Hay cosas que me gustan y cosas que no. De hecho, hay cosas que me gustan mucho y otras que no me gustan nada. En cualquier caso, no estoy demasiado seguro de poder discernir cuales –de entre estas cosas- me gustan y cuales me desagradan. Por cierto, algunas de las que me desagradan, me desagradan profundamente.; ¡eso sí que lo sé! De entre las que me gustan, de las que me gustan más, hay algunas que –de tanto cómo me gustan – procuro dosificarlas.
Todo el mundo lo hace, siempre lo he pensado: se trata de aquello tan clásico y primitivo, como la merienda del pan y chocolate. Hay personas (niños en su época) que se comían, de saque, todo el pan y dejaban el chocolate para el final; de ese modo, pasaban el mal “trago” al principio (el pan), para acabar disfrutando de un auténtico placer, saboreando el cacao y quedarse, así, con un excelente sabor de boca.
Yo, no acostumbro a actuar de esta forma. No lo hago mejor ni peor: simplemente distinto, como dice el tópico.
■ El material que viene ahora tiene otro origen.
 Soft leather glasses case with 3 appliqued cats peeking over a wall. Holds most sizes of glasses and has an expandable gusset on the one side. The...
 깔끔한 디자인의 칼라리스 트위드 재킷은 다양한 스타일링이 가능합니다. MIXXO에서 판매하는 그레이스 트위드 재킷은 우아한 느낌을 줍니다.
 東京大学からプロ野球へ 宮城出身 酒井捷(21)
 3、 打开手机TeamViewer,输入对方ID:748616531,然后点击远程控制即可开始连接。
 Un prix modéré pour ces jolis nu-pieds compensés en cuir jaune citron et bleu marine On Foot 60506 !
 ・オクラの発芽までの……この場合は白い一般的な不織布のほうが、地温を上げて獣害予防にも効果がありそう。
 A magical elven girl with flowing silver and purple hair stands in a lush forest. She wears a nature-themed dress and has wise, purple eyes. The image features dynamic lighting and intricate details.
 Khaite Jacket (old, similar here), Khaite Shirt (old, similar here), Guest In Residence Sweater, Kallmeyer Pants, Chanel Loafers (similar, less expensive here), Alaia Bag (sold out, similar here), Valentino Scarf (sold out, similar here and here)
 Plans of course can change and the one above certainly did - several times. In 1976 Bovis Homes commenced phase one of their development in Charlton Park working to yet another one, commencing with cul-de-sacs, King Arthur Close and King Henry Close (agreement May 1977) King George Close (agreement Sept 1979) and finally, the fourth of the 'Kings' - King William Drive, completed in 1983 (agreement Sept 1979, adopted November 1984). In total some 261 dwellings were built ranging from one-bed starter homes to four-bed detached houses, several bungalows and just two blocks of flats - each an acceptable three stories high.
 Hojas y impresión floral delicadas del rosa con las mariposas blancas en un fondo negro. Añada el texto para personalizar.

Mi dosificación personal – mi carácter, mi manera de ser- consiste en distribuir los elementos del modo más paritario y simultáneo posible.
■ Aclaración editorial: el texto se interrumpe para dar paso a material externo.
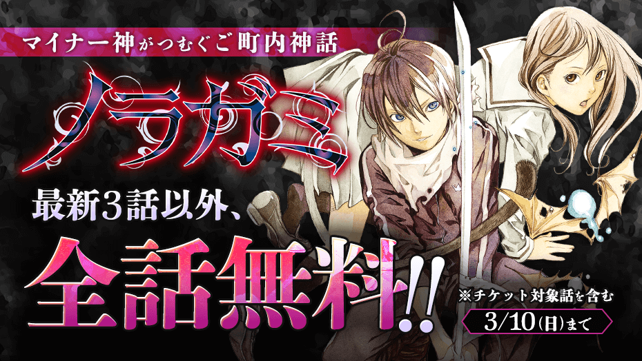 漫画アプリ「マガポケ」にて、『ノラガミ』の完結を記念して、2024年3月10日(日)まで、最新3話以外、全話無料配信されています。
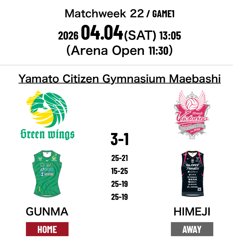 2.Gunma Bank Green Wings 3-1 Victorina Himeji (25-21 15-25 25-19 25-19)
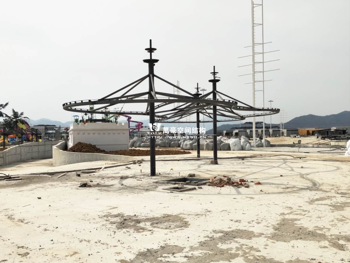 海闊天涳水世界鋼膜結(jié)構(gòu)工程,由寧波萬豪空間結(jié)構(gòu)工程有限公司承建?,F(xiàn)場測量、深化設(shè)計(jì)、制作及安裝由寧波萬豪空間結(jié)構(gòu)工程有限公司全權(quán)負(fù)責(zé);用鋼量高達(dá)180噸,建筑面積達(dá)5000平米。
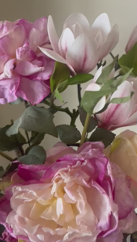 This artificial floral arrangement features lifelike peonies with Magnolia Blossoms in a sleek white textured vase for $70. A perfect centerpiece for any room with zero maintenance.
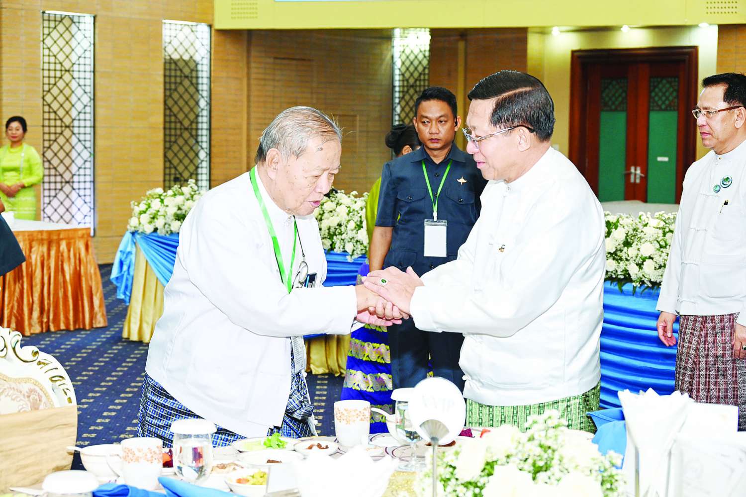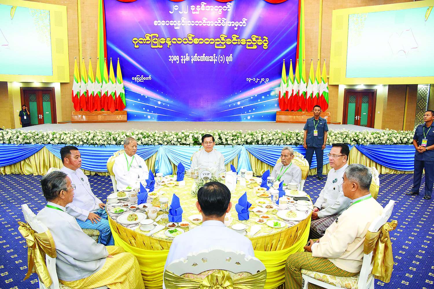 နေလယ်စာ သုံးဆောင်အပြီးတွင် နိုင်ငံတော်စီမံအုပ်ချုပ်ရေးကောင်စီဥက္ကဋ္ဌ နိုင်ငံတော်ဝန်ကြီးချုပ်နှင့် ဇနီးတို့သည် ၂၀၂၂ ခုနှစ်အတွက် အမျိုးသားစာပေ တစ်သက်တာဆု၊ အမျိုးသားစာပေဆုနှင့် စာပေဗိမာန်စာမူဆု ရရှိခဲ့ကြသူများ၊ အနုပညာရှင်များ၊ စာပေပညာရှင်များကို ရင်းရင်းနှီးနှီး နှုတ်ဆက်ခဲ့ကြောင်း သတင်းရရှိသည်။

Un ejemplo: comiendo y saboreando una de las combinaciones gastronómicas más accesible y virtuosamente destacable – por simple, ligera, y deliciosa- como es la formada por el pan, el queso, y el vino tinto; he procurado siempre que las tres porciones iniciales se vayan consumiendo, proporcionalmente, al mismo ritmo; con la misma periodicidad. No sé si me explico.
Con el objetivo de obtener un altísimo grado de satisfacción, es necesario que se efectúe este ritual, con el máximo rigor posible, de tal manera que, instantes antes de finalizar el acto de la consumición quede, exactamente, un trozo de pan (que se pueda comer de una sola tacada), un resto de queso (con el que untar el último trocito de pan) y, acompañándolo majestuosamente, un sorbo final del vino tinto. Ni más ni menos. Precisión suiza, para disfrutar plenamente de un espectáculo colosal.